# [RECORDED INFORMATION]
*** Block opens ***
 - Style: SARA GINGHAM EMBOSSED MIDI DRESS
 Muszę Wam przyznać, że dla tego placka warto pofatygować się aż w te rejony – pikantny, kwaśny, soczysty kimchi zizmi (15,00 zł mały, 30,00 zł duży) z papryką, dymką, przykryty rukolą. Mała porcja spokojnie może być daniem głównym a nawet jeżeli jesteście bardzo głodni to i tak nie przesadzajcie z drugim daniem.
*** Block closes ***
*** Block opens ***
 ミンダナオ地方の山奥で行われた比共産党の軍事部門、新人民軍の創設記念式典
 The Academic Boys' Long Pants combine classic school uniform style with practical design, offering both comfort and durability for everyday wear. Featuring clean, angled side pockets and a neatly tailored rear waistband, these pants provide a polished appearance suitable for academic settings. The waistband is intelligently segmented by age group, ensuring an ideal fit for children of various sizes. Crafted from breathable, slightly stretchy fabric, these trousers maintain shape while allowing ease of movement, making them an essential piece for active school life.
*** Block closes ***
Quote the data above from the line containing "- Style: SARA GINGHAM EMBOSSED MIDI DRESS" to the line containing "Muszę Wam przyznać, że", inclusive, and stop.

# [PROBLEM SOLUTION]
 - Style: SARA GINGHAM EMBOSSED MIDI DRESS
 Muszę Wam przyznać, że dla tego placka warto pofatygować się aż w te rejony – pikantny, kwaśny, soczysty kimchi zizmi (15,00 zł mały, 30,00 zł duży) z papryką, dymką, przykryty rukolą. Mała porcja spokojnie może być daniem głównym a nawet jeżeli jesteście bardzo głodni to i tak nie przesadzajcie z drugim daniem.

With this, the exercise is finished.